__What to do__. Shown below are entries with pictures; the line with "Fairbury 2S Single-Handle" through the line with "Disengaging the clips" is the span to retype exactly, and the pictures stay out.

──────── Recorded information

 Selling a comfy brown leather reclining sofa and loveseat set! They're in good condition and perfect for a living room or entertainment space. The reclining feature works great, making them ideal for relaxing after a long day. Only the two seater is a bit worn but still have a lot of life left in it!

────────────────
──────── Recorded information

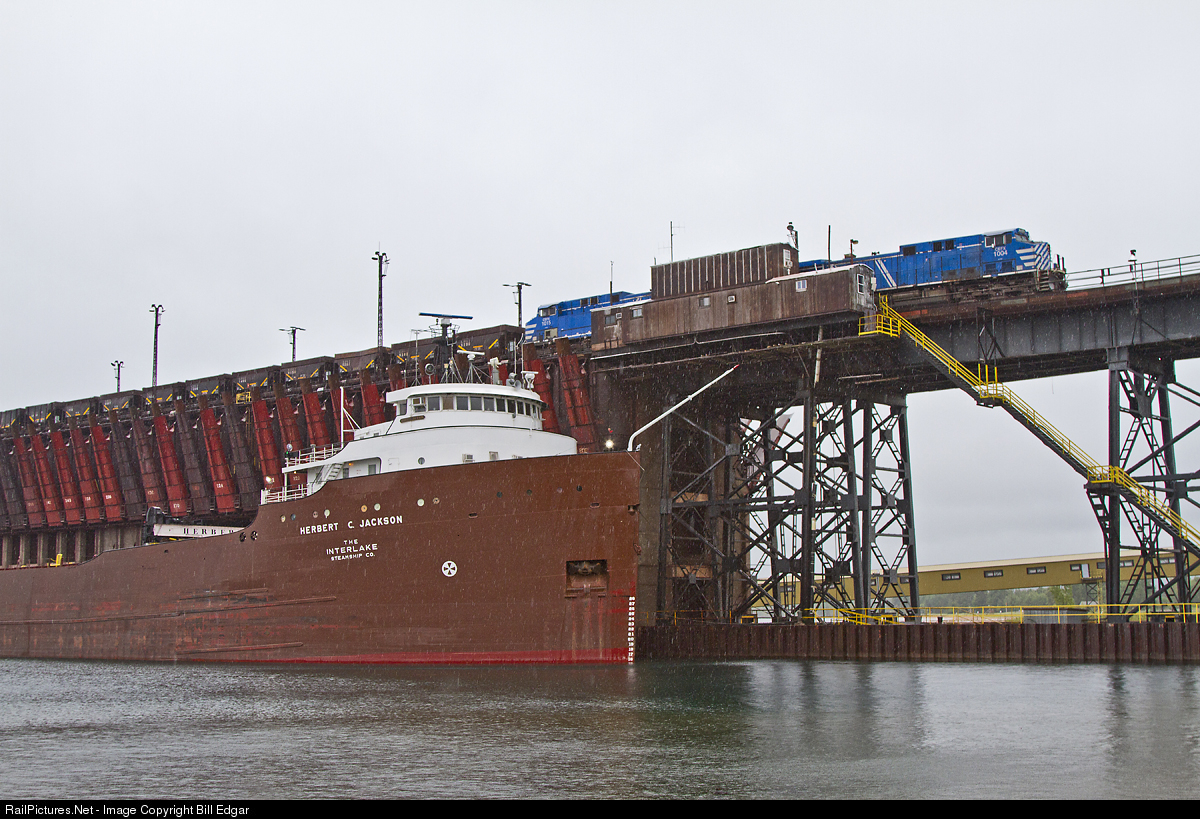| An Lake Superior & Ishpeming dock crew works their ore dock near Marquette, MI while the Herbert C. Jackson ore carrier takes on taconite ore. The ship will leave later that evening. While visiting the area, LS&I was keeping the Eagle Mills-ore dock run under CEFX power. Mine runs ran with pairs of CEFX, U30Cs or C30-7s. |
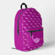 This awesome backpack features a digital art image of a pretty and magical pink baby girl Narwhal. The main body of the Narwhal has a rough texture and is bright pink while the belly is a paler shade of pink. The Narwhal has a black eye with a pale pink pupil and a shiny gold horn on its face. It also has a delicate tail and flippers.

────────────────
──────── Recorded information

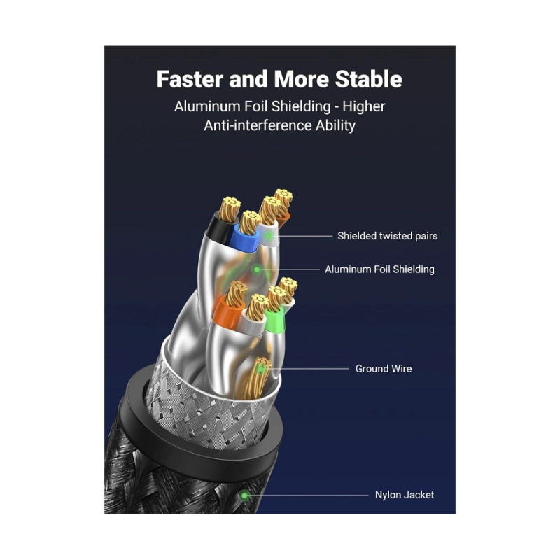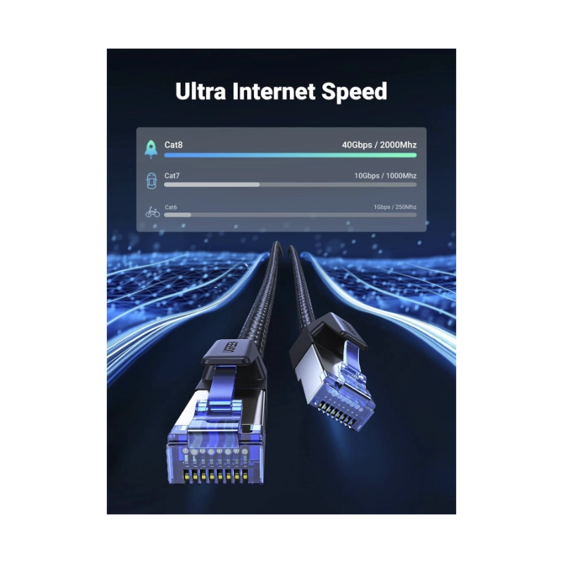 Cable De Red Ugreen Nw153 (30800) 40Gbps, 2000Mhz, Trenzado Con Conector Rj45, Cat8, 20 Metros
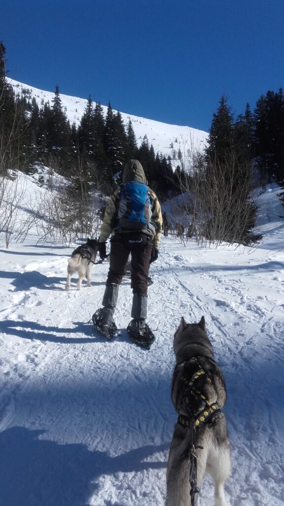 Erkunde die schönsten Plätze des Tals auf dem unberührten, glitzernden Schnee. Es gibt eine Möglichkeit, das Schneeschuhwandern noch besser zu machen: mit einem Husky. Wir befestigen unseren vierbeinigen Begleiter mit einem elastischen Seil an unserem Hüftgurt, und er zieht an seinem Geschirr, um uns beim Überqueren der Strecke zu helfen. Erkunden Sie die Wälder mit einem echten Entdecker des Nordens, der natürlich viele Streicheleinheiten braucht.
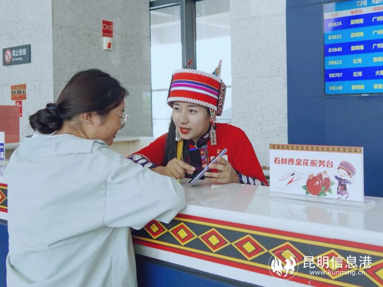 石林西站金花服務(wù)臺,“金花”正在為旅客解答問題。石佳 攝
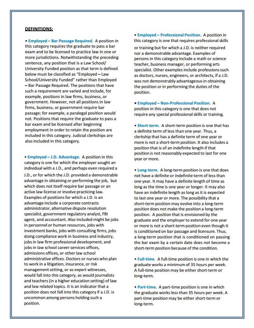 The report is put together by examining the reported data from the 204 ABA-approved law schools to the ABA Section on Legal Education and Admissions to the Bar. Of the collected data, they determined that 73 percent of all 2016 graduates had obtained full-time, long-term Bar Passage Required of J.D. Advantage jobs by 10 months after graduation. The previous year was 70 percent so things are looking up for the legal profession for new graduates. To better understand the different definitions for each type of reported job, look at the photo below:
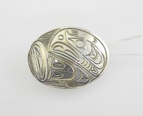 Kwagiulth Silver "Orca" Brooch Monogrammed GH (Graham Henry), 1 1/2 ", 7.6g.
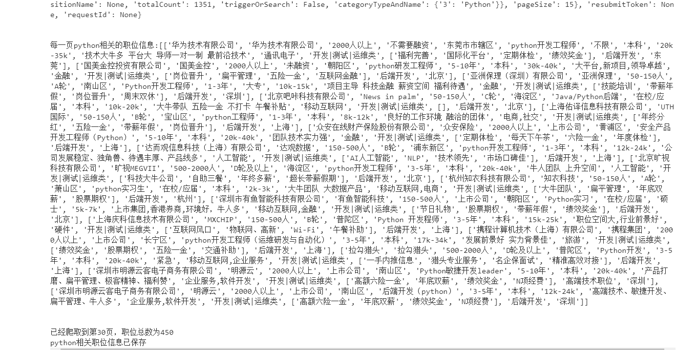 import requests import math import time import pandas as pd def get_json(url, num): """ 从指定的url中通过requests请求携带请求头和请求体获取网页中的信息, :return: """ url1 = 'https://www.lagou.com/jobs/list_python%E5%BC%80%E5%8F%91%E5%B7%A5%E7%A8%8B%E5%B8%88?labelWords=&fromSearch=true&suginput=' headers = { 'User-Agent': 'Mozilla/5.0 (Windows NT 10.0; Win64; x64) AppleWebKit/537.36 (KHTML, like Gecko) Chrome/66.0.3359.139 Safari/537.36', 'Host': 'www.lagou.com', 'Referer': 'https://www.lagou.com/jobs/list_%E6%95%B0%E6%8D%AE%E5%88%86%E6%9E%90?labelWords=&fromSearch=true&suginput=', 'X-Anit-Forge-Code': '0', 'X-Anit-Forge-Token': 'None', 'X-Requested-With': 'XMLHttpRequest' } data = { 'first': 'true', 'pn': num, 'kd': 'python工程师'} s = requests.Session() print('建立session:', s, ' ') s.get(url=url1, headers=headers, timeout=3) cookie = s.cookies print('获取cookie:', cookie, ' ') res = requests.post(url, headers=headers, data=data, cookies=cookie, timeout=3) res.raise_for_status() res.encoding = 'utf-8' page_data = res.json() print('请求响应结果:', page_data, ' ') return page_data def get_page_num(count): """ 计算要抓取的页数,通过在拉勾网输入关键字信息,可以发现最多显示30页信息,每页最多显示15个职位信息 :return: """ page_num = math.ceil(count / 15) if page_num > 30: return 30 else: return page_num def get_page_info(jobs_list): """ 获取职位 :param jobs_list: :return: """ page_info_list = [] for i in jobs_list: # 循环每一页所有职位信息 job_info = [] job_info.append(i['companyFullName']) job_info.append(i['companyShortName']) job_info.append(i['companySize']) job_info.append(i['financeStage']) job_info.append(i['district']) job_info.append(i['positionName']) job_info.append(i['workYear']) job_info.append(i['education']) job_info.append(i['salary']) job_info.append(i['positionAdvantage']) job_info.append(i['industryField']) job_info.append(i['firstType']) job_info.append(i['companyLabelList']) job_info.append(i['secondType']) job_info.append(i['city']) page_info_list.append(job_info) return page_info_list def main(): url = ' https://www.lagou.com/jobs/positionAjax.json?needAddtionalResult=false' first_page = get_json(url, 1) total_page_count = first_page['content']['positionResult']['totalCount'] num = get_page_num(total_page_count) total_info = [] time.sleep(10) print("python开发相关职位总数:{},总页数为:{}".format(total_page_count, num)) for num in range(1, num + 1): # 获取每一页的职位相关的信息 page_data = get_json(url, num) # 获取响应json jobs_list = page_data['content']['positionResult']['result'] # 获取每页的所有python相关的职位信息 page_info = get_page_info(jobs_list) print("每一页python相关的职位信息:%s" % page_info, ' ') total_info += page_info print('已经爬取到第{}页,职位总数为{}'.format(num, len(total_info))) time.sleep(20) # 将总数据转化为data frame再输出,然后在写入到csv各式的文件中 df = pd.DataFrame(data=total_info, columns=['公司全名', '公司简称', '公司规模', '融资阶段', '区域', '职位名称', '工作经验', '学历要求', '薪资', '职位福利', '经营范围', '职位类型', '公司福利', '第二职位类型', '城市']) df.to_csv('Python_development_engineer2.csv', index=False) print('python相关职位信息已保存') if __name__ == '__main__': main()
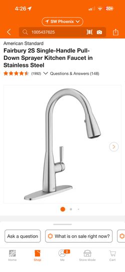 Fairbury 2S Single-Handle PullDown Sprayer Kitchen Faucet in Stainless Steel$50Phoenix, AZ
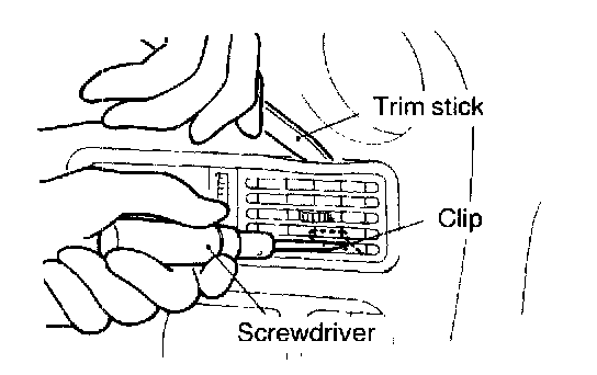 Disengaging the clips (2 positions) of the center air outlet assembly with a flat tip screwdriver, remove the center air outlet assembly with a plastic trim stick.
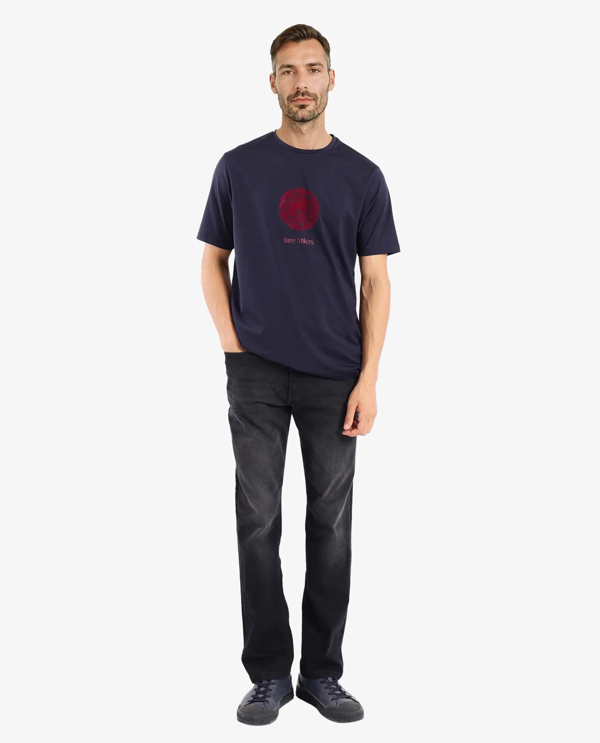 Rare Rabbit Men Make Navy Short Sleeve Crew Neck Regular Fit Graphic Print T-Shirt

────────────────

__Solution to this problem__.
 Fairbury 2S Single-Handle PullDown Sprayer Kitchen Faucet in Stainless Steel$50Phoenix, AZ
 Disengaging the clips (2 positions) of the center air outlet assembly with a flat tip screwdriver, remove the center air outlet assembly with a plastic trim stick.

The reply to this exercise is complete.